The Book
The Website
The Authors
Inspection Copy Requests

   Book Jacket

Endorsement

The Olympic Movement has an ancient history and a modern Charter that sets out high ideals:

  • Olympism is a philosophy of life, exalting and combining in a balanced whole the qualities of body, will and mind. Blending sport with culture and education, Olympism seeks to create a way of life based on the joy found in effort, the educational value of good example and respect for fundamental ethical principles.
  • The focus of the Olympic Movement is to contribute to building a peaceful and better world by educating youth through sport practised without discrimination of any kind and in the Olympic spirit, which requires mutual understanding with a spirit of friendship, solidarity and fair play.

Each National Olympic Committee is charged under the Olympic Charter with a specific educational role in both schools and universities. It is for this reason – amongst others – that the British Olympic association has been co-operating with the authors in the preparation of this book.

There is a considerable amount of material available to the student of the Olympic Movement but we hope that this volume will be of particular value to the increasing number of students who have the opportunity to include an element of Olympic studies in their further education and/or degree courses.

A case can be made for the inclusion of Olympic studies as an example of an ancient institution which has adapted and modernised itself whilst retaining universal appeal to young people involved in sport and the application of its founding principles to the advantage of all mankind.

The student will find, chapter by chapter, the development of Olympism from the Ancient Games through their re-establishment as the ‘Modern Olympic Games’ in 1896 to the organisation and impact of the world’s greatest sporting event. The role of Britain in the modern history of the Games is chronicled in full and the authors have dealt with the greatly expanded problems of organising this complicated festival of sport in the twenty-first century.

Analysis is made of the increasingly complex relationships between the International Olympic Committee, the Games Organising Committees and modern media, the pressures of the commercial market place and the requirements of economic sustainability and environmental protection.

How these often-conflicting interests are dealt with by the Organising Committee can be the subject of individual studies especially where the overriding interests should be those of the athletes themselves. The challenge is enhanced with the relatively recent inclusion of the Paralympics and the opportunity to promote elite sport for those outstanding athletes who also have disabilities.
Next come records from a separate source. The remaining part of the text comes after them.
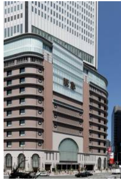
写真 14 低層部外観
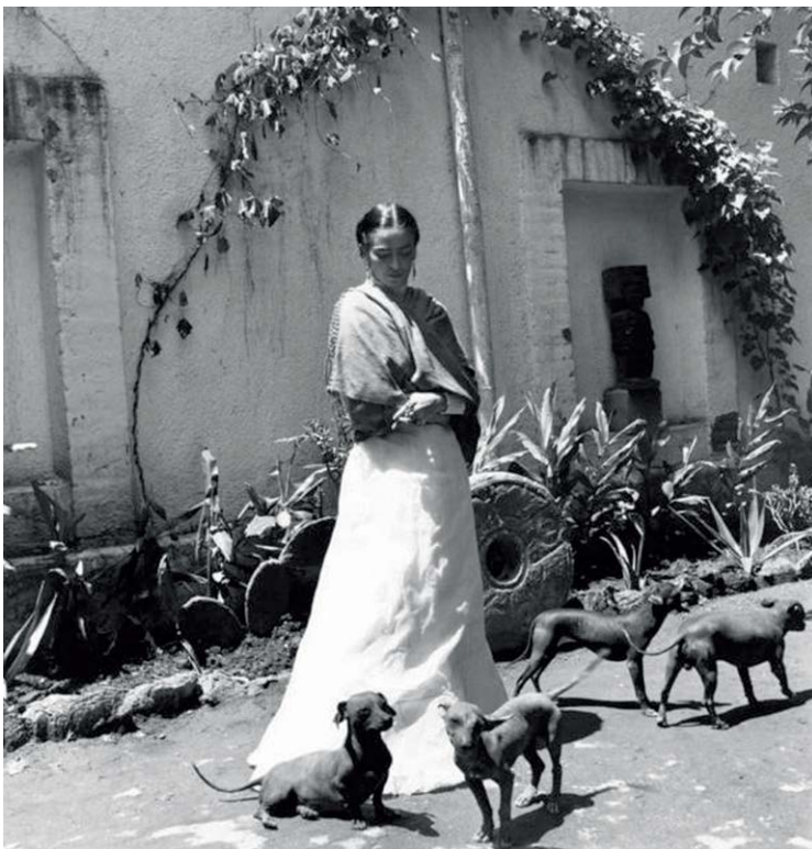
Frida Kahlo met vier Mexicaanse Naakthonden, het ras dat ze haar hele leven bezat. De foto is gemaakt door Gisèle Freund, destijds een bekende fotografe van schrijvers en kunstenaars.
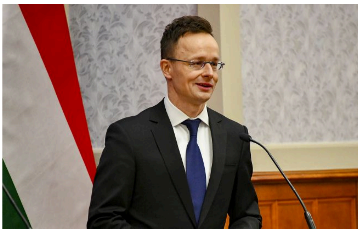
Фото: экс-глава МЗС Угорщини Петер Сіярто (flickr by U.S. Department of State)
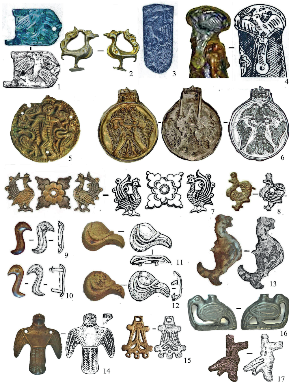
Рис. 3. Орнитологические сюжеты в мелкой металлопластике Урало-Поволжья IX–X вв.:

1 – Синеглазовский; 2, 6, 8–13 – Уелги; 3 – Пановский; 4 – Больше-Тиганский;
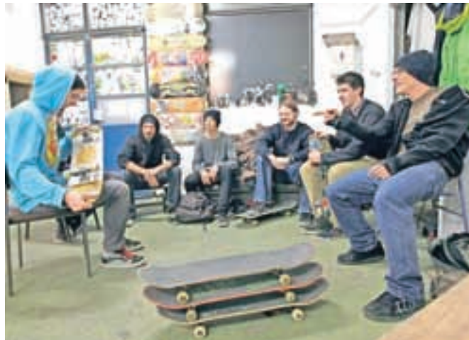
Del članov ŠD Debela Veronika v skejterskem parku, ki so ga uredili v prostorih nekdanjega Alprema.

Kot poudarjajo, je namenjen prav vsem (rolkarjem in rolarjem), uporaba je brezplačna, možna je tudi izposoja opreme, ker pa za-
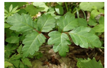
幼木の葉は縁がギザギザ

ウルシ科の植物は他にヤマウルシ・ヤマハゼ・ヌルデがあります。これらはツタウルシほどかぶれがひどくありません。
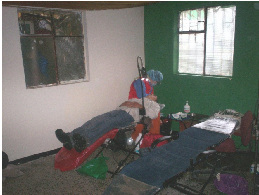
BRIGADA DE SALUD CENTRO URBANO
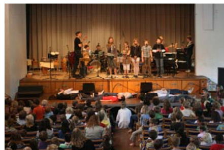
Forårskoncert 200 – 6. klasserne

Skolebestyrelsens principper og skolens retningslinier fremgår af skolens hjemmeside www.toftevang.skoleintra.dk
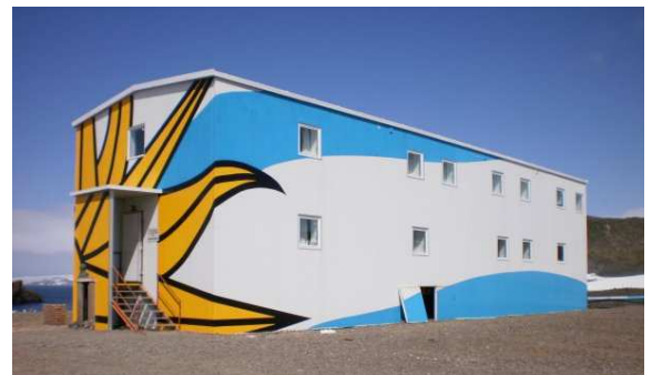
Nuevo aspecto del Aula de Interpretación de la Naturaleza Antártica (AINA) – enero de 2010

Throughout all these challenges – inevitably – the Olympic Movement must confront the world of politics, as there is now a general recognition that sport, as it grows in stature and importance, cannot stand aside from political involvement. Sport must also confront its own ethical standards, which are much wider than the huge challenge of doping in sport. In addition, Olympic sport should review its educational role and its association with culture.

In an attempt to link many of these themes, the book contains three case studies from the successful Olympic Games in Sydney, the equally successful Winter Olympic Games in Salt Lake City, and, topically, the London bid to stage the Olympic Games in 2012.

There are many facets to the Olympic Movement and the organisational challenge in staging them is one of the most complex management problems of all. However, nothing seems to undermine the popularity of the Olympic principles and the attraction of the Games themselves.

The International Olympic Committee has had to face extreme pressures upon its own ethical standards in recent years and now seeks to make the Olympic Games themselves even more universal by reducing the ever-growing requirements on host cities.

Pressures exist across the whole movement: from the creation of new National Olympic Committees – now 202 in number; from sports wishing to join the programme of the Games; from increasing numbers of events or disciplines within individual sports; from ever-increasing standards of the athletes and the need to maintain the correct balance between participation of the elite and participation of all; from the number of cities applying to host the Games; and not least from the endless media scrutiny of the Olympic Movement and all its activities.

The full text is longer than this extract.